[Problem details]
Every line of the entries below from the one containing "flat base. |" to the one containing "注重礼仪,衣着整洁得体,不在", both ends included, must be written out exactly. No other line belongs in the answer.

[Records for the task]
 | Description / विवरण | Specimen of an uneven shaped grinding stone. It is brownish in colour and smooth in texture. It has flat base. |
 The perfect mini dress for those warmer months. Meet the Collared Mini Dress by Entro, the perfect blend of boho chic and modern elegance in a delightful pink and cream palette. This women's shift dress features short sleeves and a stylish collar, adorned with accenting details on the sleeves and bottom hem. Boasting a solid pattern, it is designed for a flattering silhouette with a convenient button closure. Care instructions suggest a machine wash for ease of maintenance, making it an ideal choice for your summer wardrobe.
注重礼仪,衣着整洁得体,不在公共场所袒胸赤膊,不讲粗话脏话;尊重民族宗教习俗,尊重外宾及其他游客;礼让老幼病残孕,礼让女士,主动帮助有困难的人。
---
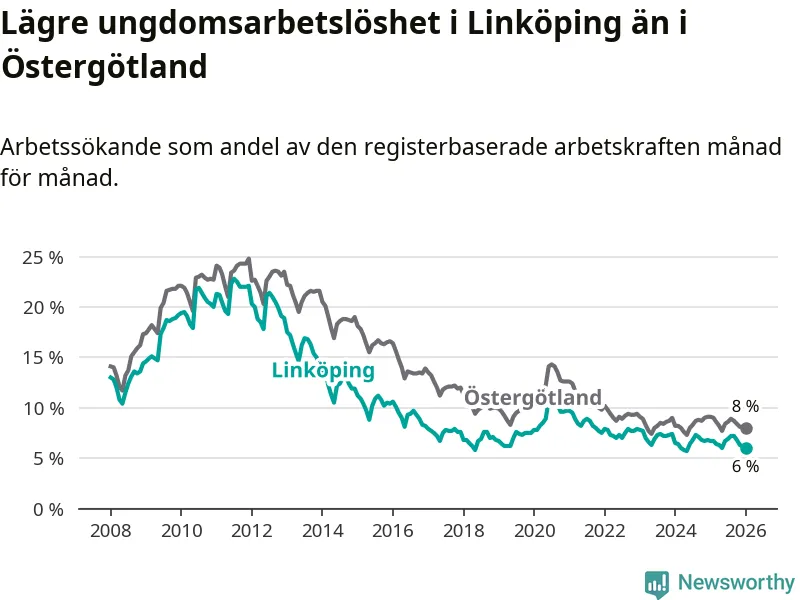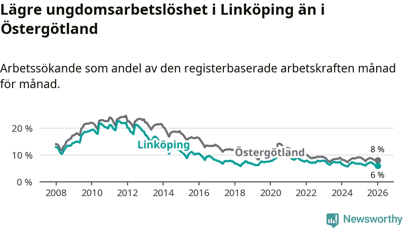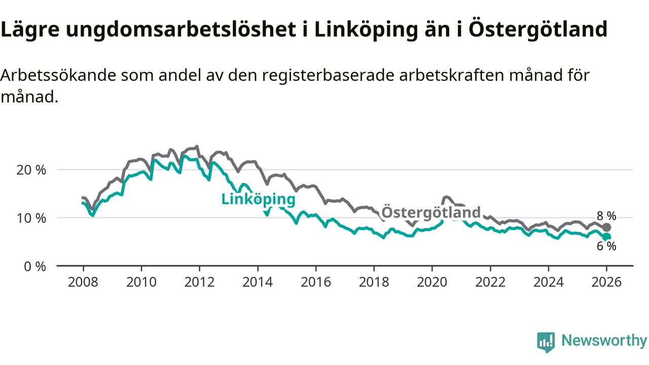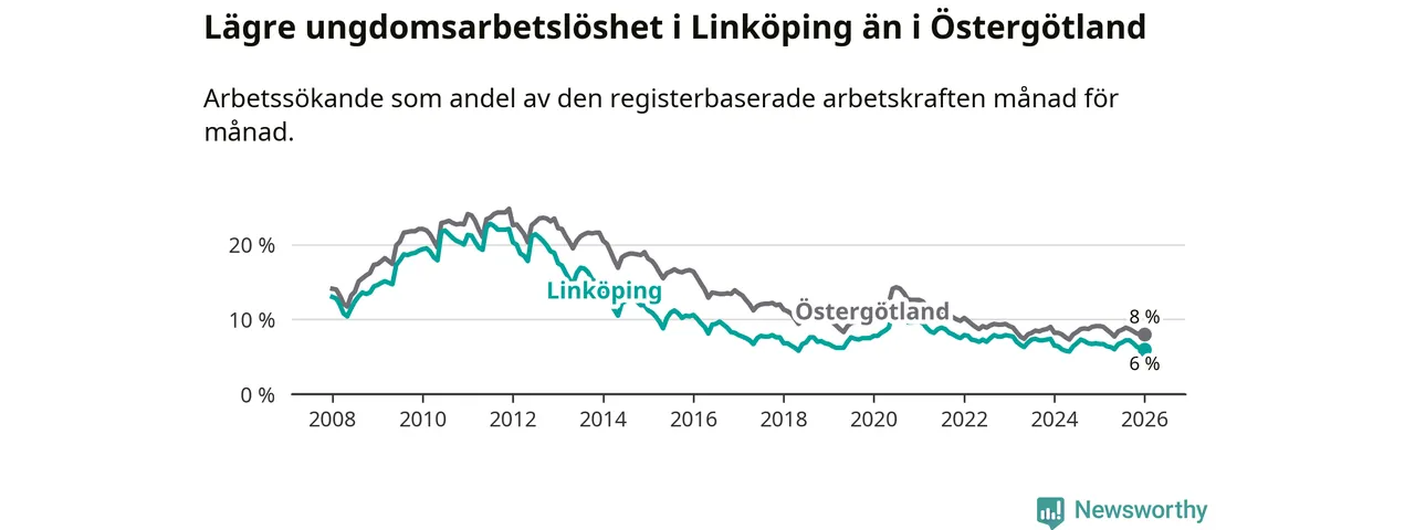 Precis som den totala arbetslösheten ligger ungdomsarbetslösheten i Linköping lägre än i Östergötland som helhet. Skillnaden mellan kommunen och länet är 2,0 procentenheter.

[Answer to the problem]
 | Description / विवरण | Specimen of an uneven shaped grinding stone. It is brownish in colour and smooth in texture. It has flat base. |
 The perfect mini dress for those warmer months. Meet the Collared Mini Dress by Entro, the perfect blend of boho chic and modern elegance in a delightful pink and cream palette. This women's shift dress features short sleeves and a stylish collar, adorned with accenting details on the sleeves and bottom hem. Boasting a solid pattern, it is designed for a flattering silhouette with a convenient button closure. Care instructions suggest a machine wash for ease of maintenance, making it an ideal choice for your summer wardrobe.
注重礼仪,衣着整洁得体,不在公共场所袒胸赤膊,不讲粗话脏话;尊重民族宗教习俗,尊重外宾及其他游客;礼让老幼病残孕,礼让女士,主动帮助有困难的人。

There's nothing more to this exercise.